This project focuses on predicting Boston housing prices using various features available in the dataset. The goal is to build a robust model that accurately estimates the median value of owner-occupied homes, providing valuable insights for real estate investment and valuation.
- Data Exploration: Comprehensive analysis of the Boston Housing dataset to understand feature distributions and relationships.
- Predictive Modeling: Implementation of machine learning algorithms to predict housing prices.
- Model Evaluation: Rigorous evaluation using appropriate metrics to ensure accuracy and reliability.

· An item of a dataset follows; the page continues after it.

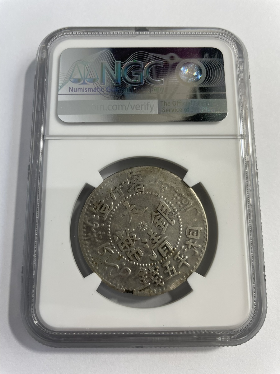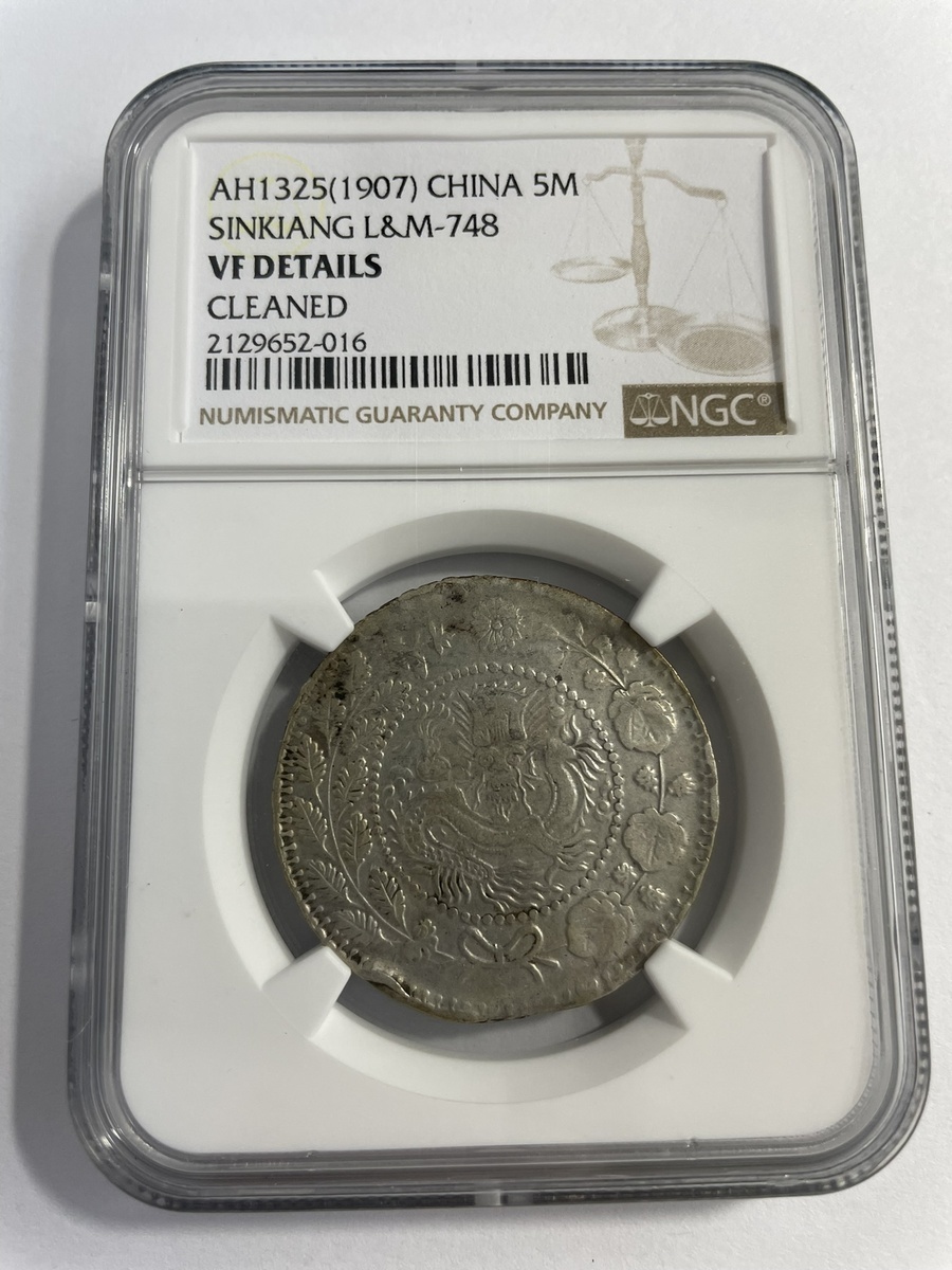 China. Imperial. Xinjiang Province (Sinkiang). 5 Miscals, nd (1910). Auspicious bat above uncircled dragon. Y.6.7, L&M 817. NGC VF Details, harshly cleaned.

The dataset contains information on housing prices in the Boston area, with features such as:
- CRIM: Per capita crime rate by town
- ZN: Proportion of residential land zoned for large lots
- INDUS: Proportion of non-retail business acres per town
- CHAS: Charles River dummy variable
- NOX: Nitrogen oxides concentration
- RM: Average number of rooms per dwelling
- AGE: Proportion of old homes built prior to 1940
- DIS: Weighted distances to five Boston employment centers
- RAD: Index of accessibility to highways
- TAX: Property-tax rate per $10,000
- PTRATIO: Pupil-teacher ratio by town
- B: 1000(Bk - 0.63)^2 where Bk is the proportion of Black residents
- LSTAT: Percentage of lower status of the population
- MEDV: Median value of owner-occupied homes in $1000's (target)

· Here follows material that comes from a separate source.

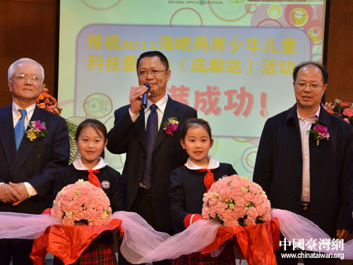 中國臺灣網3月18日成都消息 3月18日上午9時,“2011海峽兩岸少年兒童科技嘉年華(成都站)”活動在成都市龍江路小學(南區)舉行了熱烈的開營儀式。臺灣元智大學科學教育研究中心主任王仲淳博士、臺北市萬華社區大學校長李端端、臺灣力翰文教管理顧問公司執行長吳志榮,成都市臺辦副主任朱隆欽、市教育局副局長崔昌宏等出席了開營儀式。

- Programming Language: Python
- Libraries: pandas, numpy, scikit-learn, matplotlib, seaborn
-
Clone the repository:
git clone https://github.com/SachinRawat1604/Boston-Housing-Price-Prediction-Model.git cd Boston-Housing-Price-Prediction-Model -
Install dependencies:
pip install pandas numpy scikit-learn matplotlib seaborn
- Data Preparation: Load the
boston.csvdataset into a pandas DataFrame. - Exploratory Data Analysis (EDA): Analyze the dataset to gain insights into feature distributions, correlations, and outliers.

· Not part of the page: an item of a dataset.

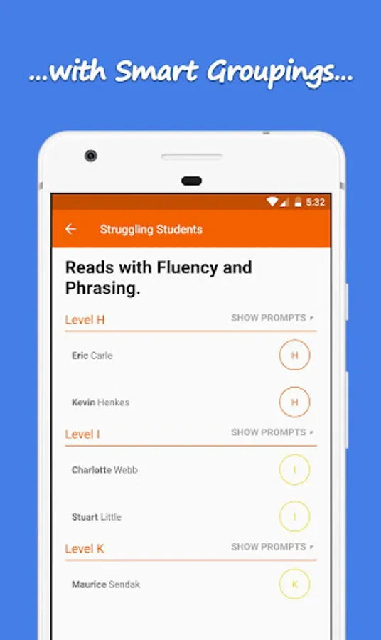 Small groups and readers workshop are some of the best methods for teaching literacy. Literator equips you with strategies for your classroom through intuitive prompts, highlighted trends, and automatic groupings. You can do all of these things with just a few taps on your phone for free. It is simply the best tool for formative assessments with instant analysis and actionable steps. Literator is based around guided reading strategies with focus on the Fountas Pinnell (F&P) method of literacy. Lexile Levels and DRA are coming soon.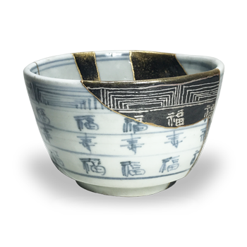 初期伊万里 染付 福寿字紋 碗形 茶碗 創作繕い 2022.10.302026.01.28 初期伊万里福寿字紋碗形茶碗 swc03寸法:長径約11.6cm×短径約11.6cm 高さ約7.5cm重さ:約290g修復:共継ぎ修復 金継 銀蒔絵初期伊万里の碗形茶碗に染付で「福寿」の字紋が描かれた一碗。かつて高台内にまで大きな割れを抱え...

- Feature Engineering (Optional): Create new features or transform existing ones to improve model performance.
- Model Training: Train a machine learning model (e.g., Linear Regression, Random Forest) using the prepared data.
- Model Evaluation: Evaluate performance using metrics like Mean Squared Error (MSE) or R-squared.
import pandas as pd
from sklearn.model_selection import train_test_split
from sklearn.linear_model import LinearRegression
from sklearn.metrics import mean_squared_error
# Load the dataset
data = pd.read_csv("boston.csv")
# Prepare features (X) and target (y)
X = data.drop("MEDV", axis=1)
y = data["MEDV"]
# Split data
X_train, X_test, y_train, y_test = train_test_split(X, y, test_size=0.2, random_state=42)
# Train model
model = LinearRegression()
model.fit(X_train, y_train)
# Predict
y_pred = model.predict(X_test)
# Evaluate
mse = mean_squared_error(y_test, y_pred)
print(f"Mean Squared Error: {mse}")Fork the repo, create a new branch for your feature, make changes, and submit a pull request!
This project is licensed under the MIT License.